Unabhängig davon: WOW, was für eine Basketball-Saison bisher in Bayreuth! Wenn die Jungs kommenden Samstag auch noch den Münchner Bayern die Lederhosen ausziehen, dann springe ich - bildlich gesprochen! - nackt aus einer Torte! ;-)
Es wurde aber zuerst das unsportliche und dann das disqualifizierende Foul gepfiffen.
Habe mir gerade nochmal auf der Telekombasketball-Website den 5-minütigen Game Report (frei verfügbar!) zu Gemüte geführt: Was zunächst im Sinne einer Tatsachenentscheidung gepfiffen wurde, war aufgrund der Rangelei um den Ball "Sprungball" (bzw. die "Einwurfpfeil-Entscheidung"): Man kann im Game Report ganz eindeutig zwei der drei Schiedsrichter erkennen, welche die entsprechende Geste ("Beide Daumen nach oben") machen, auch der Pfiff ist deutlich zu hören - und zwar noch vor dem Tritt von McCray. Die Rangelei um den Ball wurde also wohl als foulfrei bewertet.

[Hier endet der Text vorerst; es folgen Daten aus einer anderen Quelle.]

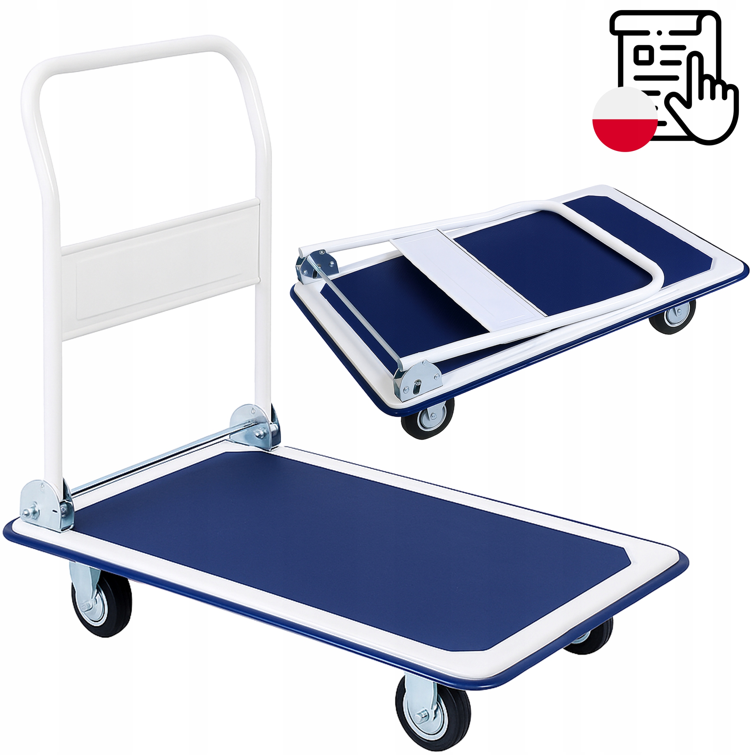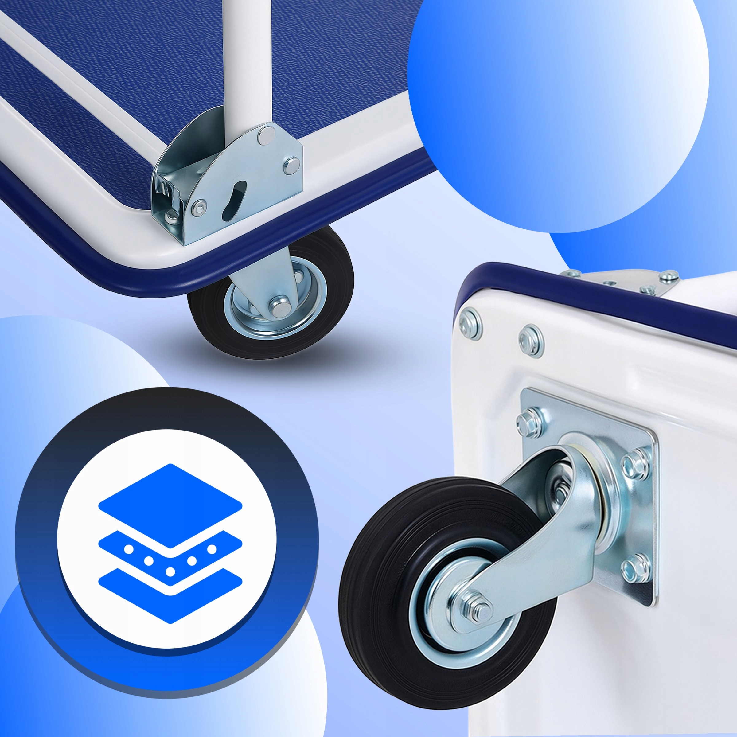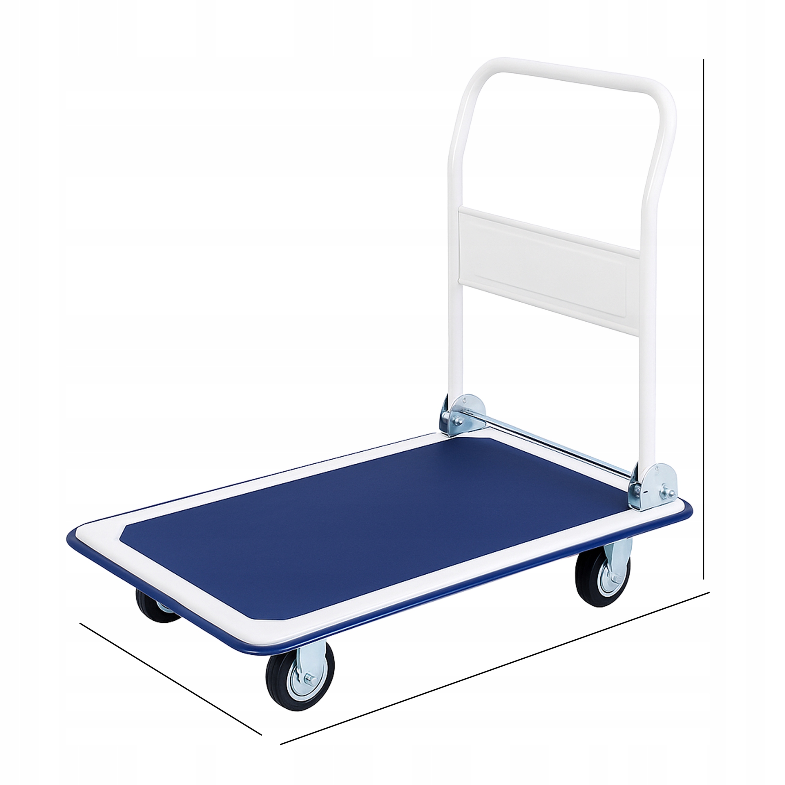 ✍️ Грузоподъемность 150 кг ☺️ Складная ручка ✔️ Противоскользящая поверхность ☀️ Устойчивая платформа ✏️ Компактная в сложенном виде ✉️ Простая сборка ♥️ Прочная конструкция ♠️ Прочные транспортировочные колеса ♣️ Усиленная рама ✔️ Цвет белый и синий ⭐
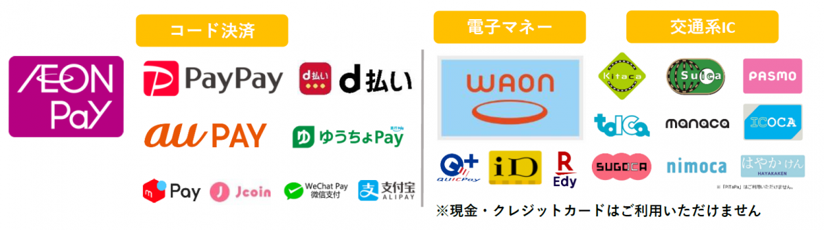 交通系電子マネーとQRコード決済がご利用いただけます。
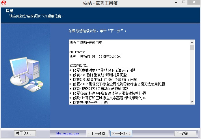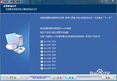 如何在高版本AUTOCAD中加载燕秀工具在安装燕秀工具箱时,会出现如下的对话框,要求我们选择电脑上已经安装好的AUTOCAD软件的版本。由于工具箱最高只能自动加载到AUTOCAD2012版本,所以在这里我们不用勾选,直接按下一步进行。完成安装后关闭。
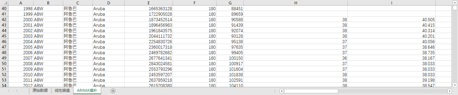 回归填补ARIMA填补。基于ARIMA模型,利用同一地区的时间序列数据,对缺失值进行预测填补。
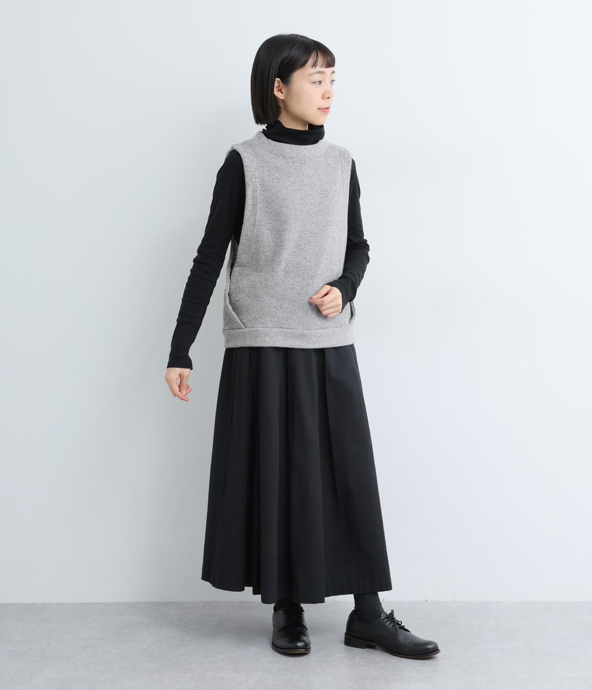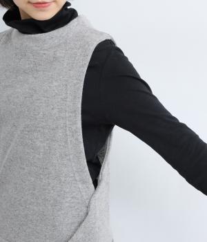サイドを交差させたカシュクールデザインが特徴的なベスト。前後はすっきりシンプルにまとめているので柄アイテムなどとも合わせやすく、袖ぐりも広く開いているのでボリュームトップスとも好相性。すっきり見える脇ラインが◎。

Mit "Es wurde aber zuerst das unsportliche und dann das disqualifizierende Foul gepfiffen." meinen Sie vermutlich, dass nach der kurzen (bzw. eig. relativ langen!) Spielunterbrechung und der damit einhergehenden Begutachtung des Videomaterials ("Instant Replay") durch die Schiedsrichter zunächst das unsportliche Foul von Brooks und dann das disqualifizierende Foul von McCray verkündet wurde. Ich bin mir nicht 100%ig sicher, aber ich denke, dass die Reihenfolge solcher "Verkündungen" nach der Begutachtung von Videomaterial nicht zwingend mit der Chronologie der Ereignisse auf dem Spielfeld identisch sein muss.
Außerdem darf das 2014 eingeführte Instant Replay nur bei einigen wenigen, konkreten Fällen wie der Identifizierung beteiligter Spieler bei Rudelbildungen in Anspruch genommen werden; die Überprüfung und damit mögliche Revidierung einer Sprungball-Entscheidung steht meines Wissens nicht auf der Liste der entsprechenden Fälle.
Richtig. Ich gehe davon aus, dass die Chronologie der Pfiffe bzw. Handzeichen auch den tatsächlichen Verlauf der Fouls widerspiegelt. Allerdings kenne ich die Statuten so im Detail nun auch wieder nicht.